A related concept, known as Preferred Perceptual Tempo (PPT), deserves mention. PPT represents the tempo at which a series of sounds or lights feels most natural, that is, neither too slow nor too fast. Importantly, there is a strong correlation between SMT and PPT13,14. Notably, McAuley et al.13 conducted a study encompassing participants aged 4–94 years and reported that both SMT and PPT tend to slow with advancing age. These findings imply that both SMT and PPT are indicative of the pace set by a hypothetical endogenous oscillator13,14.

Numerous physiological indicators have also been documented as being associated with the pacemaker’s tempo. Changes in body temperature10,15,16, skin conductance levels17, and dopamine activity18 have been reported to exhibit correlations with variations in the pacemaker’s rate. Additionally, some have proposed that the heartbeat itself may serve as a pacemaker19,20,21.

In the quest to uncover the neural foundations of internal clock mechanisms, it may be tempting to draw parallels between the ticking of clocks and the oscillations within neural networks. Electroencephalogram (EEG) power exhibits a prominent peak within the alpha band (8–13 Hz). This peak is termed the IAF, and it varies among individuals.
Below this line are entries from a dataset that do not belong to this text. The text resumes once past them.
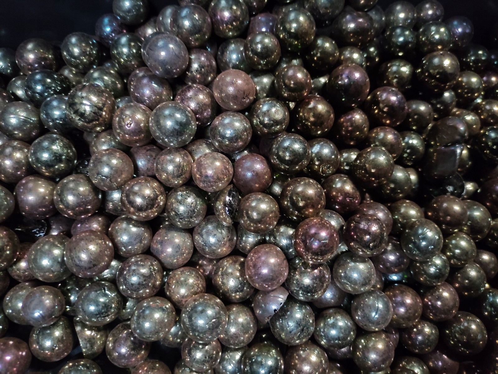 СТЕКЛЯННЫЕ ШАРЫ СЛЕГКО ЗЕЛЕНЫЕ ПОД СВЕТОМ И ЗЕРКАЛО НА ЗЕМЛЕ - ЗОЛОТО С ОТТЕНКОМ ИЗ МЕДИ.
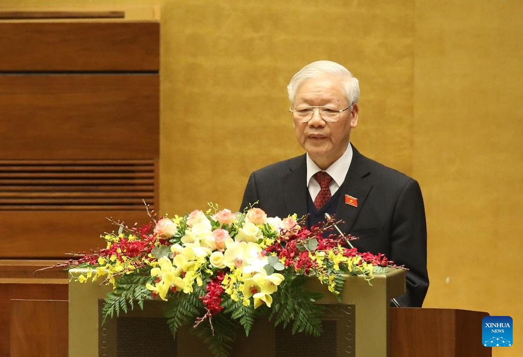This file photo taken on March 24, 2021 shows General Secretary of the Communist Party of Vietnam Central Committee (CPVCC) and then Vietnamese President Nguyen Phu Trong delivering a report at the opening session of the 11th session of the 14th National Assembly (NA) of Vietnam in Hanoi, Vietnam. Nguyen Phu Trong passed away at the age of 80, Vietnam News Agency reported on Friday. (VNA via Xinhua)
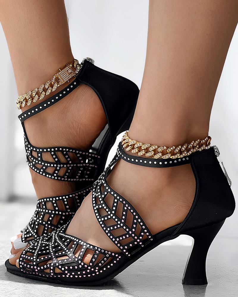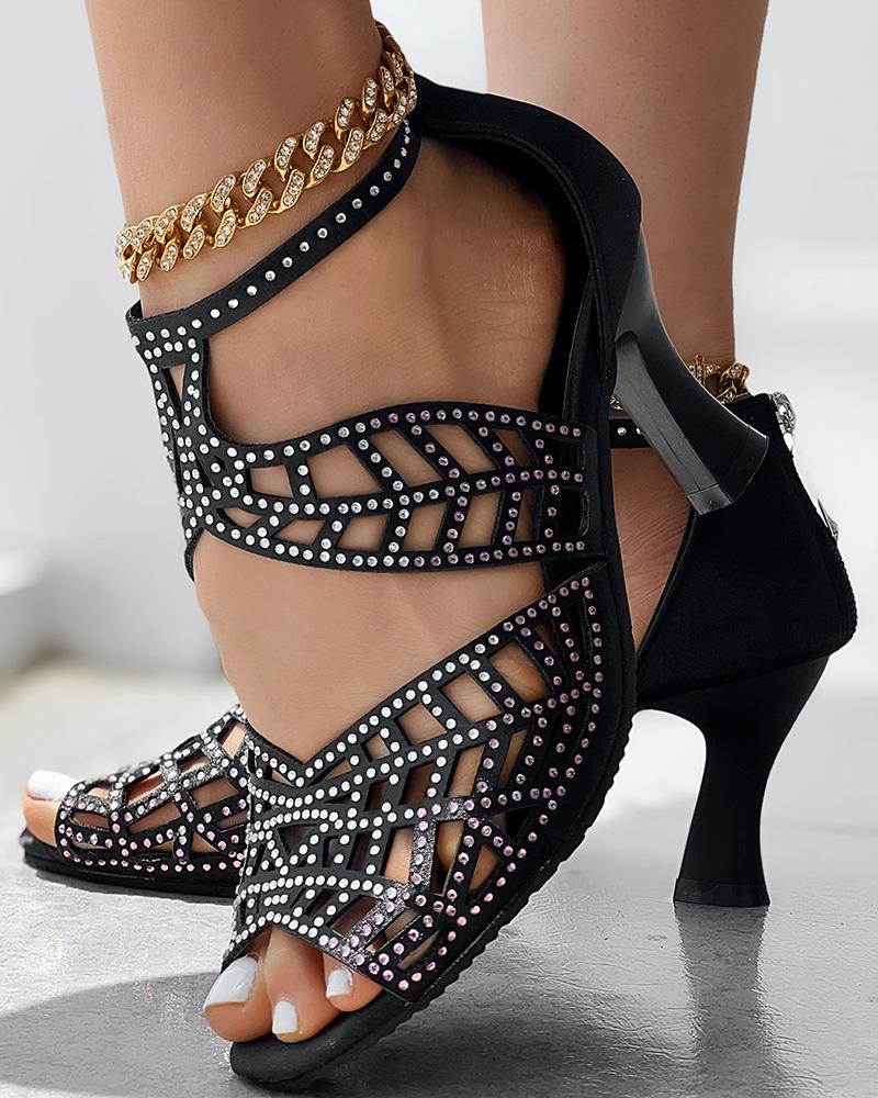 Zip Back Rhinestone Cutout Peep Toe Dance Heels

Notably, the modulation of IAF through transcranial alternating current stimulation (tACS) has been observed to alter the temporal window within which multiple successive stimuli are processed as a single event22. Moreover, the manipulation of IAF has been shown to impact subjective duration23. These findings suggest that IAF serves as a reflection of the brain’s temporal resolution, akin to an intrinsic tempo (see also Wiener and Kanai24).

As delineated above, the concept of intrinsic tempo, which underpins time perception, has been substantiated in behavioral, physiological, and neuroscience research. However, to date, no studies have explored the interrelations among these domains. If the “pacemaker” serves as a central mechanism, it may be conceivable to elucidate whether SMT, an outcome of this pacemaker, can be explained by variables such as IAF and heart rate, which could potentially reflect the pacemaker’s activity.

The aim of this study was to systematically measure SMT, IAF, and heart rate for each participant and to explore correlations among these variables. During the experiment, both EEG and heart rate were recorded while participants remained seated in a relaxed state with closed eyes for 5 min. Subsequently, participants were instructed to tap the space key with their index finger at a regular tempo representing their most comfortable pace, with the interval between taps defined as SMT. Furthermore, participants completed a questionnaire that solicited demographic information, including age, chronotype, and musical experience, as potential factors that might influence SMT13,25,26,27,28,29. We then employed correlation and regression analyses to investigate relationships between SMT, IAF, and heart rate. The present study was designed to investigate the concept of a pacemaker-like system, which is believed to play a crucial role in how we perceive time. Although SMT, IAF, and heart rate are each associated with intrinsic tempo, we did not have specific hypotheses about how these variables might correlate with one another. Instead, we focused on systematically measuring these variables within individual participants and evaluating the correlations among them. By analyzing the interactions between these behavioral, physiological, and neuroscientific measures, we aimed to gain insights into the underlying mechanisms of temporal perception.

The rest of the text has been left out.